### TASK
In the records below, find the line containing "This card (#9)" and the line containing "然後呢,在晶體結構上,石榴石". Give again exactly those lines and every line between them, omitting the pictures.

### INFORMATION PROVIDED
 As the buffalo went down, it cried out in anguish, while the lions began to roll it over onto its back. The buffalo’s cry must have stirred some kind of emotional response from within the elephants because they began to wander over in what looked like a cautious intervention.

==

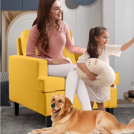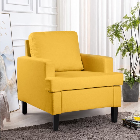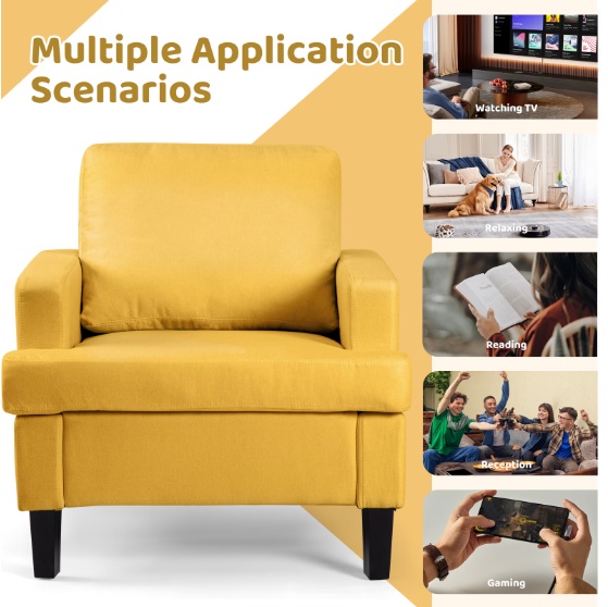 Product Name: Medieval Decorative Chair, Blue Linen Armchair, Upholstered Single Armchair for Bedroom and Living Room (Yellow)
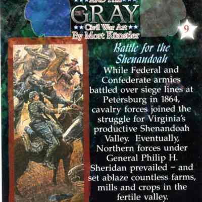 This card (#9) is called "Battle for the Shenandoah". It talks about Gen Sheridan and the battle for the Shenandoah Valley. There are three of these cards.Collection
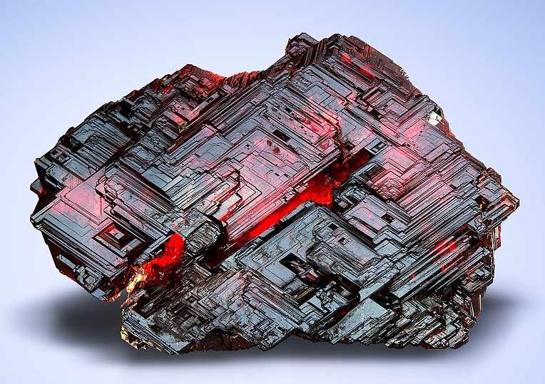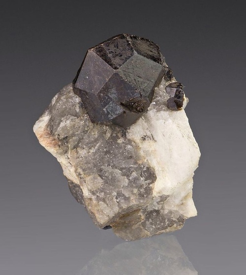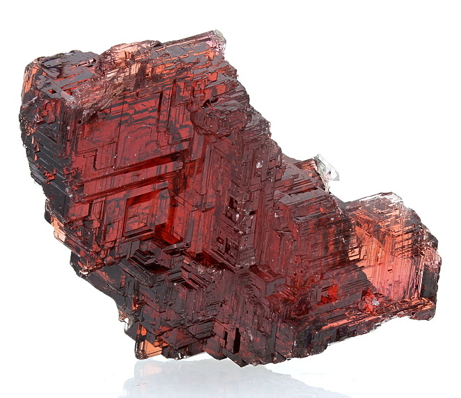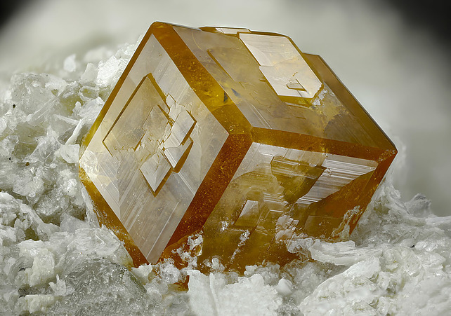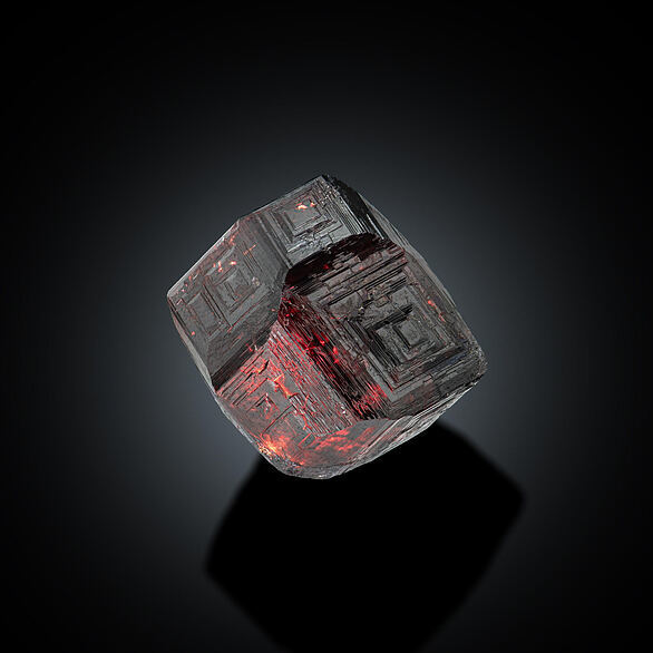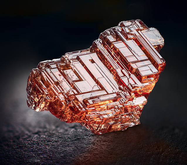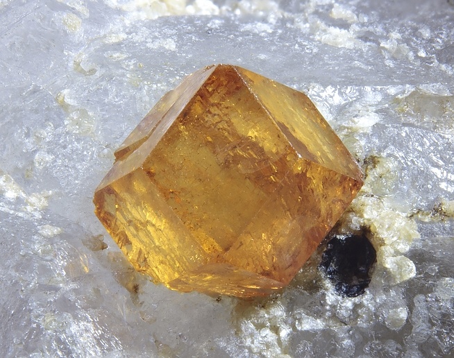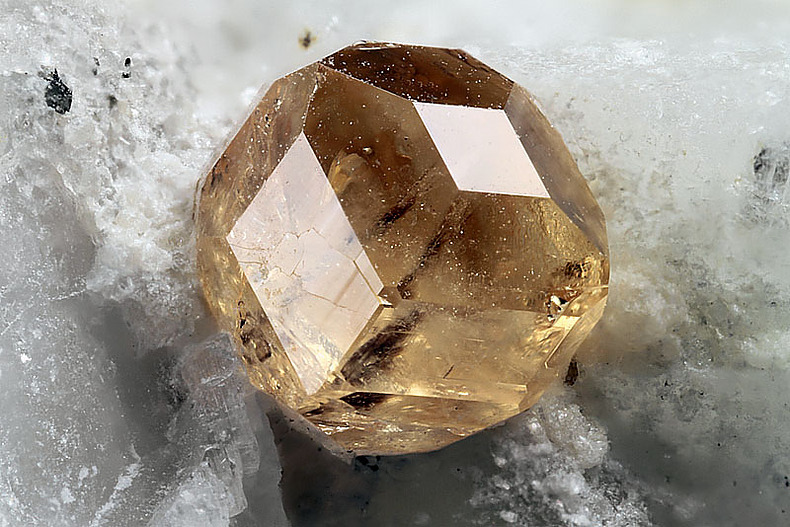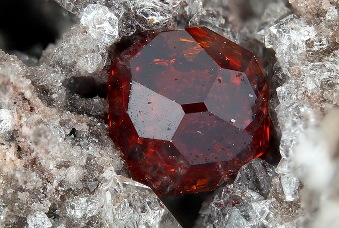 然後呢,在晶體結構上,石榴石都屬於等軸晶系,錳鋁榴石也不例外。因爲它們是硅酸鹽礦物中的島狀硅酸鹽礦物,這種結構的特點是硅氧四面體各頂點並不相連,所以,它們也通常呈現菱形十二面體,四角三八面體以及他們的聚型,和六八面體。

### REPLY TO THE TASK
 This card (#9) is called "Battle for the Shenandoah". It talks about Gen Sheridan and the battle for the Shenandoah Valley. There are three of these cards.Collection
 然後呢,在晶體結構上,石榴石都屬於等軸晶系,錳鋁榴石也不例外。因爲它們是硅酸鹽礦物中的島狀硅酸鹽礦物,這種結構的特點是硅氧四面體各頂點並不相連,所以,它們也通常呈現菱形十二面體,四角三八面體以及他們的聚型,和六八面體。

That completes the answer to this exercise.